Relative value units, however, reimburse the latter at a higher level. (An interesting new payment model is piloting in the Ballard Clinic with the Swedish Cherry Hill Family Medicine Residency in Seattle.)
I’m not suggesting that docs base all their decision-making
on how to pump more money out of an encounter, but it is interesting where
incentives are placed. Wouldn’t it be nice if incentivization fell along more
ethical lines? Supported reining in costs and unnecessary tests and limiting
unnecessary procedures? Wouldn’t it be nice if patients could have time spent
with them over the telephone (rather than being asked to schedule appointments
because appointments pay), or a few extra minutes in an office visit to follow
up on their concerns—and these were not just uncompensated nuisances in a busy
clinic schedule, but recognized in reimbursement as a part of vital patient
care? It isn’t that things are always mercenary or that doctors consciously
think in this manner, but I find the reward system to be ethically
lacking.
No one wants their doctor to make decisions based on cost. No
one wants to cut corners when it comes to their own life. Who will make these decisions, since individuals cannot (resources are not unlimited). "Death Panels" have been decried by members of our country, but these "death panels" are trying to ethically distribute limited resources for a greater, more equally distributed, good--to promote increased health and longevity. Why not "Life Panels"?

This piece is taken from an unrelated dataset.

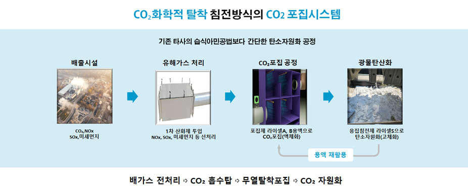 – 응집침전제인 “라이셀S” 를 통한 co2의 화학적 탈착 기술 확보

Doctors practice what we call defensive medicine, protecting
themselves from potential misdiagnoses and subsequent lawsuits by pursuing
every imaging and laboratory option (in less litigious countries like Canada,
some doctors argue, they would not need to order so many tests).
It’s an industry where cost is not considered, and everyone
wants a cut: medical professionals, legal professionals, medical suppliers and
pharmaceuticals, hospitals, insurance companies. The end result are spiraling
costs and one of the biggest industries in the world.
Yet, everyone wants to rein in costs. How do we strike this
balance? What should we be teaching about costs? How can we prevent frivolous
lawsuits and ensure that people injured through medical malpractice receive
reimbursement? How can we decrease the excessive profits of hospital systems,
some physicians, and insurance companies while keeping competition to drive
prices down? How can we keep productivity in a more socialized healthcare
system? How do we prioritize saving an individual and caring for a world of
people in a setting of limited resources? Who should be making these decisions?
Politicians? Doctors? Patients?
This isn’t a new discussion and these aren’t new questions.
There are many answers—many countries, including ours, have tried different
solutions—none of them perfect.
So what changes can we make? Where do we start? I think a
good place would be increasing awareness of costs. I want—in my training—to be
aware of price tags. I want to see the bills my patients receive—the facility
costs, the insurance coverage, the supplies, and tests, and what it costs to
receive my services. I think many
other changes will occur in time as costs spiral out of control and we are
forced to find solutions, but I think doctors will become a bigger part of
these decisions if we can be more aware of the problems.